THE KINGS OF COOL, by Don Winslow. If this book is your introduction to Don Winslow's work, you're starting in the wrong place. Back up a book and read SAVAGES first. Yes, THE KINGS OF COOL is a prequel so you ought to be able to start there, right? Um, no. This origin story of Ben, O, and Chon is best viewed through the wrong end of the telescope, so to speak. The plot premise is similar to SAVAGES: Interlopers want to cut in on our trio's marijuana business. Winslow determinedly takes the story in a different direction than SAVAGES though, finding new ways to delicately gut the souls of his characters. Not quite as fresh nor as savagely (see what I did there?) sharp as its predecessor, THE KINGS OF COOL still delivers on its title. RECOMMENDED.

A LAND MORE KIND THAN HOME, by Wiley Cash. The author uses first-person accounts from three characters: a county sheriff, an elderly woman, and an eight-year-old boy, to turn a simple tale of being in the wrong place at the wrong time into a Greek tragedy. With a genuine sense of place and fully rounded characters, the reader is pulled into a small town where too much faith in a fundamentalist, snake-handling preacher leads to heartbreak for one family. The prose is graceful, the story powerful and unforgettable. Here's a link to the first chapter. Read it and tell me what you think. HIGHLY RECOMMENDED.

MISS PYM DISPOSES, by Josephine Tey. If this is the first Tey you read after enjoying her wonderful DAUGHTER OF TIME, you're in for a shock. It only takes three words to sum up this tale of wrongdoing at an all-girls' school: Tedious and obvious. On the other hand, if you think SPELLBOUND is Alfred Hitchcock's greatest movie, you may very well enjoy this book.
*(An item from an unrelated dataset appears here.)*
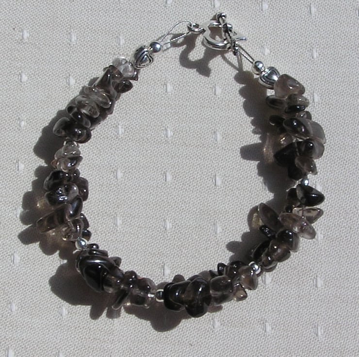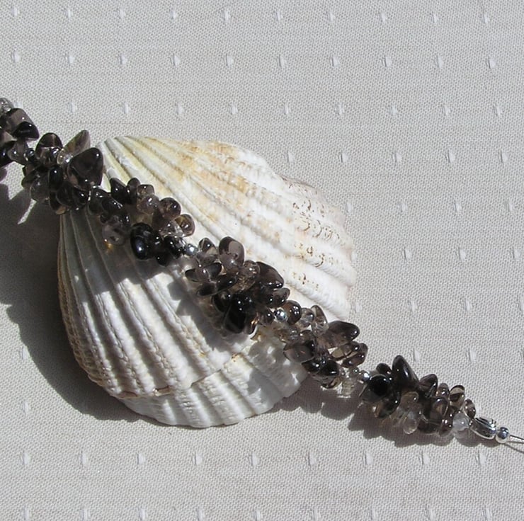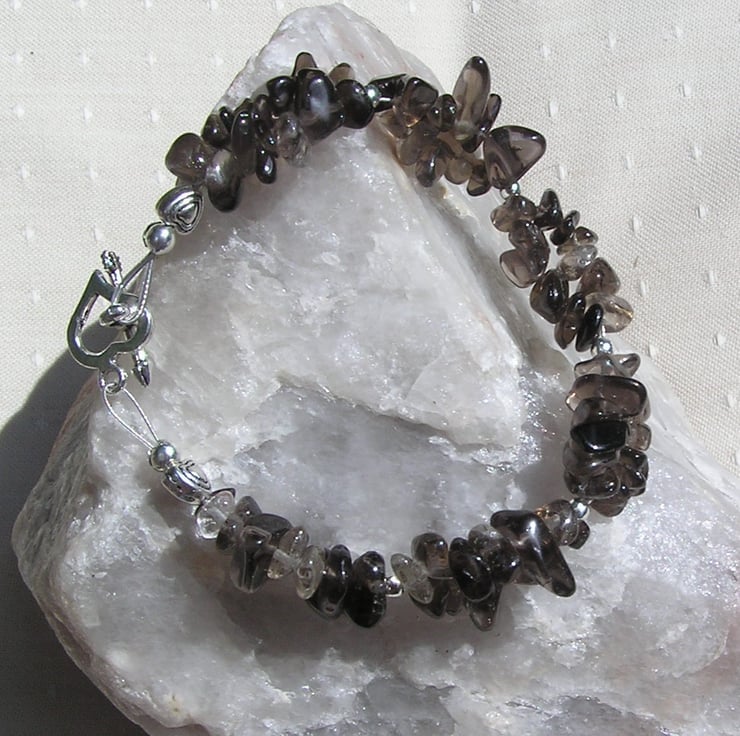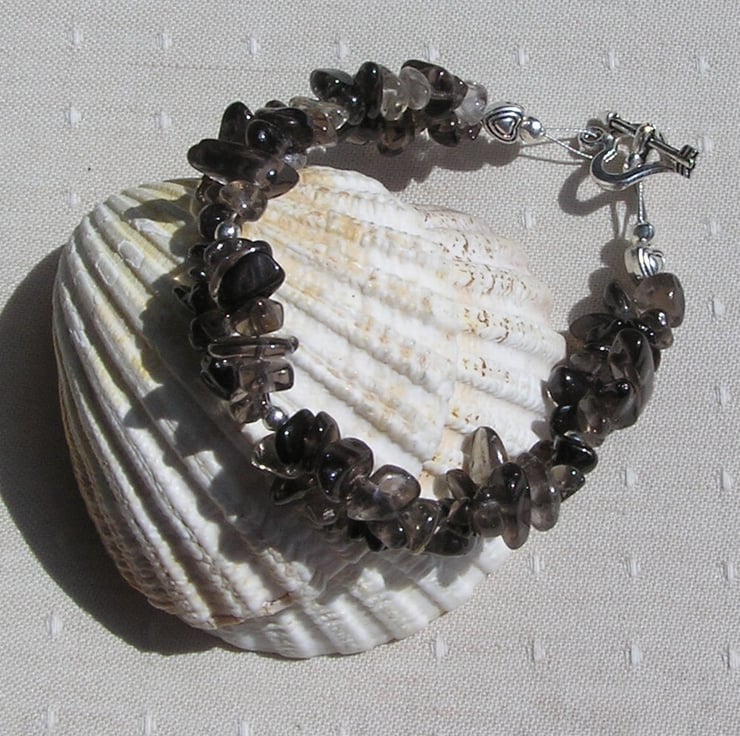 This Stunning Bracelet is made wholly from Smoky Quartz – Double stranded Gem chips separated into short sections by Silver spacer beads with a further tiny Silver Heart at each end - A Glistening combination

THE GIRL IN THE CELLAR, a 1961 release by Patricia Wentworth, has an unforgettable opening chapter that will delight any fan of modern day thrillers: A young woman regains consciousness, but with amnesia, in a dark cellar with the corpse of another woman. After that terrific tease the pace drops to a crawl. The plot creaks through the tropes of Golden Age mysteries, though it is too slight overall to say it lumbers. Strictly for those who want their fictional murders kept offstage and no chance of an increase in the heart rate.
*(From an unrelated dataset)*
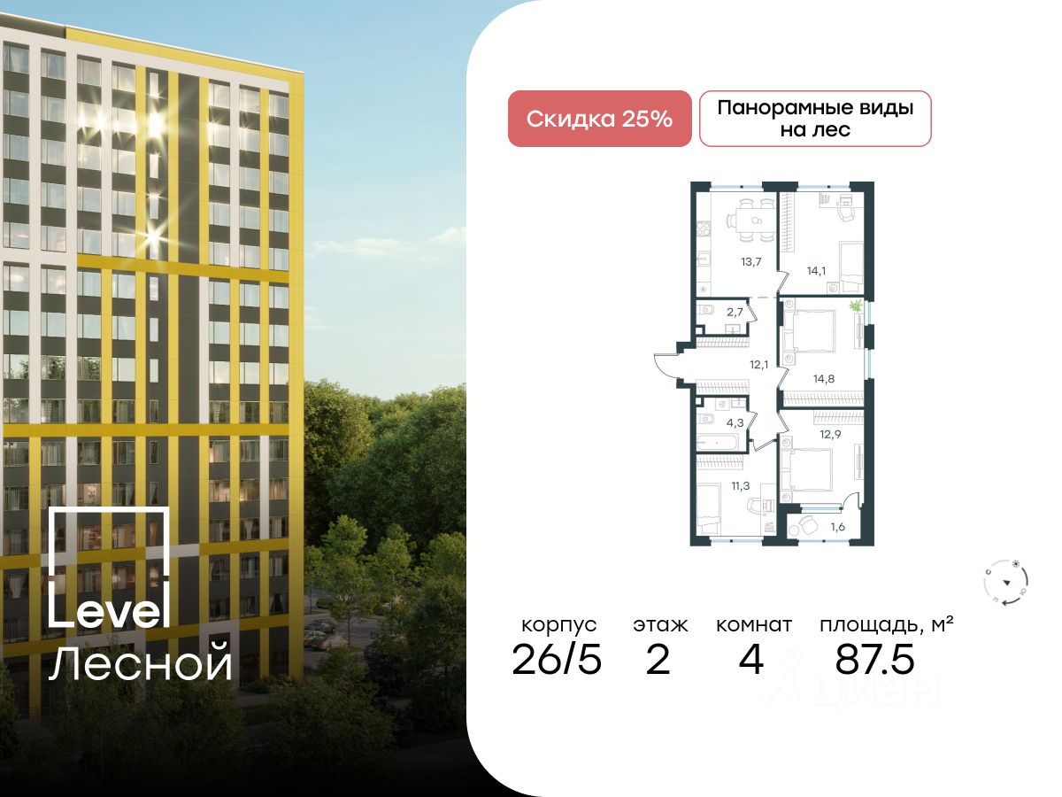В районе, утопающем в густой зелени лесов, многочисленных парков и скверов, продаётся 4-комнатная квартира площадью 87.50 кв.м с отделкой white box. Квартира расположена на 2 этаже в жилом комплексе комфорт-класса Level Лесной (компания Level Group/Левел групп).

NICEVILLE by Carsten Stroud. I loved the first 50 pages of this book. I might have loved the rest of it if I enjoyed paranormal, gothic, oogie-boogie goings on, but I generally don't. If you do, jump on this one, but be ready to juggle numerous plot lines and characters that eventually intertwine. Give the author his due: he isn't just cranking out the same-old-same-old here, he's trying something a bit new in form and construction. It's a fine balancing act that, for me, was only partially successful. This one starts out with a boy gone missing. Instantly gone missing. As in, here he is and in the next millisecond, he has vanished. And it's on video, not tampered with. From there, the mysteries and oddities become abundant.

July 2, 2012

ABOLITION OF MIDNIGHT by John Higgins

One of the most refreshing stories we received in this year's WGI was John Higgins's fifth-place entry, ABOLITION OF MIDNIGHT.  What set this story apart was that instead of striving for nouveau grit or cutting edge as so many authors are doing, the author paid effective homage to the classic English mystery.

ABOLITION OF MIDNIGHT
by John Higgins

 “Better get over to Cheriton now, Merton. Take Sergeant Blake with you. Let me know if you need a forensics team.”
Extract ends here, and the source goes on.